Таинственно пугающая мысль, что каждый день начинается в полночь, в час призраков, в час до первого часа ночи. Но еще таинственнее открытие, что это совсем не так: полночь начинается не в 0 часов, а в 24, в этом все дело… Старый день перетекает в новый, и мгновение, лишенное протяженности, длится целый час, сегодня еще продолжает быть вчера — и тогда мертвецы переворачиваются в гробах, а чуткие собаки воют от страха.
А что, собственно, такое — мгновение? Время, лишенное протяженности, как представить себе его? Лишенное протяженности пространство — следовательно, точка — есть площадь сечения между двумя протяженными пространствами. Но что пересекает линия времени? Меридиан? Он пересекает проекцию солнечной орбиты. Но как возможно представить себе вторую, иную линию времени? А если возможно, то какой мы представим ее себе? И еще: может ли мгновение, то есть точка во времени, хоть на миг существовать, как существует точка? Ведь мгновение — это всегда то, что еще наступит или уже прошло, середина между двумя границами, которые, сливаясь, лишаются середины, лишаются презенса и претерита.
Существуют ли языки, в которых есть такие глаголы со значением только будущего и прошедшего?
А наречие для обозначения этого несуществующего — настоящего — «сейчас» (как «там» — для бесконечного)? Не правда ли, это тайна.
Линии, которые, пересекаясь, режут друг друга, — клуб садистов в геометрии.
Прощальная сцена пять минут тому назад примечательна, в сущности, тем, что прощалась, то есть уходила, женщина. Это новая, еще не развернутая мифологическая ситуация. В традиционной всегда мужчины покидают женщин, во всяком случае, я других примеров не знаю. Ариадна возвращается, а не уходит, Елену похищают, Кора покидает, но не мужчину — она покидает мать.
Книга на дорогу: следуя оправдавшему себя опыту, полагалось бы каждый раз выбирать книгу, как можно более чуждую месту, куда едешь, например брать в Крым описание полярной экспедиции. Но что взять с собой в Венгрию, где перекрещиваются все мыслимые исторические и духовные линии? Я долго выбирал книгу, отбрасывая одну за другой; я уже решил было взять Библию, но в конце концов остановился на «Путешествии военного священника Аттилы Шмельцля во Флетц» Жан-Поля — мне думается, несмотря на название, к Венгрии это не имеет никакого отношения.
Корчит веселую рожу идея рассказа, страшный замысел, и тут же, как мстительный удар кулаком, — усталость.
Засыпать в едущем поезде — все равно что вспоминать далекие дни, быть может, древнейшие времена кочевников: приглушенный ритмичный топот многих сотен ног, ощущение надежности, мелькание тьмы и света, мягкое покачивание, непонятные и все же привычные звуки и ко всему этому странно бесплотная, но ощутимая сила инерции, тянущая за собой и толкающая в плечи и бедра на повороте в неизвестное.
Пограничники и таможенники, таможенники и пограничники, потом долгий сон без сновидений и… где же мы теперь? Откос, над ним кроны молодых сосен, стремительные и исполненные достоинства под однообразно серым небом. Где же мы?

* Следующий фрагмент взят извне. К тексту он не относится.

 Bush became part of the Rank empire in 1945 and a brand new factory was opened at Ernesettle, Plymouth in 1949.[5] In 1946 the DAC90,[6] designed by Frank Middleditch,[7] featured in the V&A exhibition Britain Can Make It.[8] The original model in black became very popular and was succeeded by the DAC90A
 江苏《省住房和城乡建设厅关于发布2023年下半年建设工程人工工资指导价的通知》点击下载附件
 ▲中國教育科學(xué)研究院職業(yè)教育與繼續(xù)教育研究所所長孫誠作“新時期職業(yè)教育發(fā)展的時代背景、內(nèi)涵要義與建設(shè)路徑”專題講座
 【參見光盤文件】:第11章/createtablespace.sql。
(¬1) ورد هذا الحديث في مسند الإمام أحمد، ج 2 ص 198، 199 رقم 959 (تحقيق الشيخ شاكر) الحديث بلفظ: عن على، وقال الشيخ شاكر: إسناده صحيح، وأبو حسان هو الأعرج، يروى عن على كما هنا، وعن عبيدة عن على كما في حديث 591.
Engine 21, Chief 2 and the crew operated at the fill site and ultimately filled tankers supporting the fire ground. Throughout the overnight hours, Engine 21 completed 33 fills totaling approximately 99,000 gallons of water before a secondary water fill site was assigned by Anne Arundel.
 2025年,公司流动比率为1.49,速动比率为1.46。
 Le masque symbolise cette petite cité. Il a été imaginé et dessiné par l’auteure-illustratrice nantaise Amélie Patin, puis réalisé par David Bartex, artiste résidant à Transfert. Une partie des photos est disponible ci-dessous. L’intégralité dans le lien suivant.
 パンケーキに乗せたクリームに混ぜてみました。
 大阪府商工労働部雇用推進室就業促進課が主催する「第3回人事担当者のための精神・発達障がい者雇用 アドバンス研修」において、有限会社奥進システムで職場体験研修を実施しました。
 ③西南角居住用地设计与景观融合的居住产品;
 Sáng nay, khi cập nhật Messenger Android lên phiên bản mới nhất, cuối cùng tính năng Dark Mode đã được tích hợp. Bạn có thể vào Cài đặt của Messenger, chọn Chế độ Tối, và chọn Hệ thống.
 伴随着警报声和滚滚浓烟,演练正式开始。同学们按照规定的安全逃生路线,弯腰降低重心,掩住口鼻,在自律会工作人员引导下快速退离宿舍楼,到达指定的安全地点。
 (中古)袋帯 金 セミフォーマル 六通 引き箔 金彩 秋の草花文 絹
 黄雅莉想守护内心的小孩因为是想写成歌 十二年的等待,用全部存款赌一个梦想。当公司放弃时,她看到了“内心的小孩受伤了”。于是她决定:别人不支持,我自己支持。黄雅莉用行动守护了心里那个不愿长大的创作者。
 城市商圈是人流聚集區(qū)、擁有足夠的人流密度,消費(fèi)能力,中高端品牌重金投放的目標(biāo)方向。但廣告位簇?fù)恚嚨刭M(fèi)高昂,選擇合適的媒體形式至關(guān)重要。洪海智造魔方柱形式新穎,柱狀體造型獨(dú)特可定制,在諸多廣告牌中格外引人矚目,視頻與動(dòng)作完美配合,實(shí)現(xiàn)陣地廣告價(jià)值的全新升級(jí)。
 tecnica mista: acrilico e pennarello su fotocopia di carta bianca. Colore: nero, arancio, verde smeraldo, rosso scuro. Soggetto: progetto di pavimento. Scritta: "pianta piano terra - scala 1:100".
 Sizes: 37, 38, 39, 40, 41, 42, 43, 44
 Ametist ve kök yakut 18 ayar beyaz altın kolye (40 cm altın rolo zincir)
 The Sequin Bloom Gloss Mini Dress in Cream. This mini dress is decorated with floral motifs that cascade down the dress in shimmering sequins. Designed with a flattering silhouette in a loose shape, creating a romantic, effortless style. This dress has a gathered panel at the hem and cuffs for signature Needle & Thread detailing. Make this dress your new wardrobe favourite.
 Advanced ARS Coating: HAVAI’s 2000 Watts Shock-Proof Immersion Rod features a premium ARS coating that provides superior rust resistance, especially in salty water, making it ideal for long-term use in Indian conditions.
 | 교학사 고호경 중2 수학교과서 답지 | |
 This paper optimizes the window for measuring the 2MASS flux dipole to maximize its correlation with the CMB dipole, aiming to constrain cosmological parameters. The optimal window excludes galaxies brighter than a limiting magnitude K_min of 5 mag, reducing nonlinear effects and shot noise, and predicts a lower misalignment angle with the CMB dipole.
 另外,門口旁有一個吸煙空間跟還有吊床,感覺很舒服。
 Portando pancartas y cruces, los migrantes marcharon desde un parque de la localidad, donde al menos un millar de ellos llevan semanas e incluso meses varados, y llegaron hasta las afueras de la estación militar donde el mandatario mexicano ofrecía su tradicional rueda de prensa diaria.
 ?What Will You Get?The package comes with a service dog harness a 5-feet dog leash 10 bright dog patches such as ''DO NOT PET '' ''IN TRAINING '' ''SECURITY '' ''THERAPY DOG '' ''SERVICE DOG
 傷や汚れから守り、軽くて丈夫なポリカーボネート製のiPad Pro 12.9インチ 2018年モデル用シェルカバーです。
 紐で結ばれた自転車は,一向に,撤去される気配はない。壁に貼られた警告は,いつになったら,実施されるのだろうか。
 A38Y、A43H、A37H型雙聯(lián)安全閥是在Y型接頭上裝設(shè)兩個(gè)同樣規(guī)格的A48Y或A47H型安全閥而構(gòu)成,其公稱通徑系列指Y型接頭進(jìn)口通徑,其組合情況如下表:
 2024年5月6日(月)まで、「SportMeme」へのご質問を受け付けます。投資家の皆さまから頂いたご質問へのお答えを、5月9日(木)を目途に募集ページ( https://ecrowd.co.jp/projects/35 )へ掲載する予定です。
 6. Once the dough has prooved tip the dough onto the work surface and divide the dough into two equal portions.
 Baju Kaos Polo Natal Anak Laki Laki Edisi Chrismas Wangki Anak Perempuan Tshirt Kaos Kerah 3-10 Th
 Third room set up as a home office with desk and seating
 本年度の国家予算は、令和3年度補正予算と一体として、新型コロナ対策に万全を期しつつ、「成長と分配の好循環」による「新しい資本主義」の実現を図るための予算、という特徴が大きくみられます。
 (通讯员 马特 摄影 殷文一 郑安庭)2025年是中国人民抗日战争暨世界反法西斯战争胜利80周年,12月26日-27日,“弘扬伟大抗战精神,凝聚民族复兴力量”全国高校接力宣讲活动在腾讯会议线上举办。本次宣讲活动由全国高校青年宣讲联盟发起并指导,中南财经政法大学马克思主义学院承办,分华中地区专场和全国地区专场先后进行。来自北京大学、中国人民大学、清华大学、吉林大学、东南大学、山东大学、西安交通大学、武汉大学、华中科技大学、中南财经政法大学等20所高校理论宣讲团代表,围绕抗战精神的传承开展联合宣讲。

В зеркале над туалетным столиком местность движется в направлении, противоположном тому, которое ты видишь из окна; в окне она убегает от тебя, а в зеркале на тебя надвигается. Будущее предстает здесь настоящим; облик мира за окном и протяженность его во времени удваиваются — волшебный выигрыш, но от этого удвоения кружится голова; невозможно определить свое место в пространстве, вопрос «вперед» или «назад» становится бессмысленным; расколотый мир соединяется там, где проходит зазор между зеркалом и окном, он вдвигается в самого себя, он уравновешивается, в беззвучном мелькании сливаются воедино материя и антиматерия, и каждая беззвучно уничтожает себя в другой.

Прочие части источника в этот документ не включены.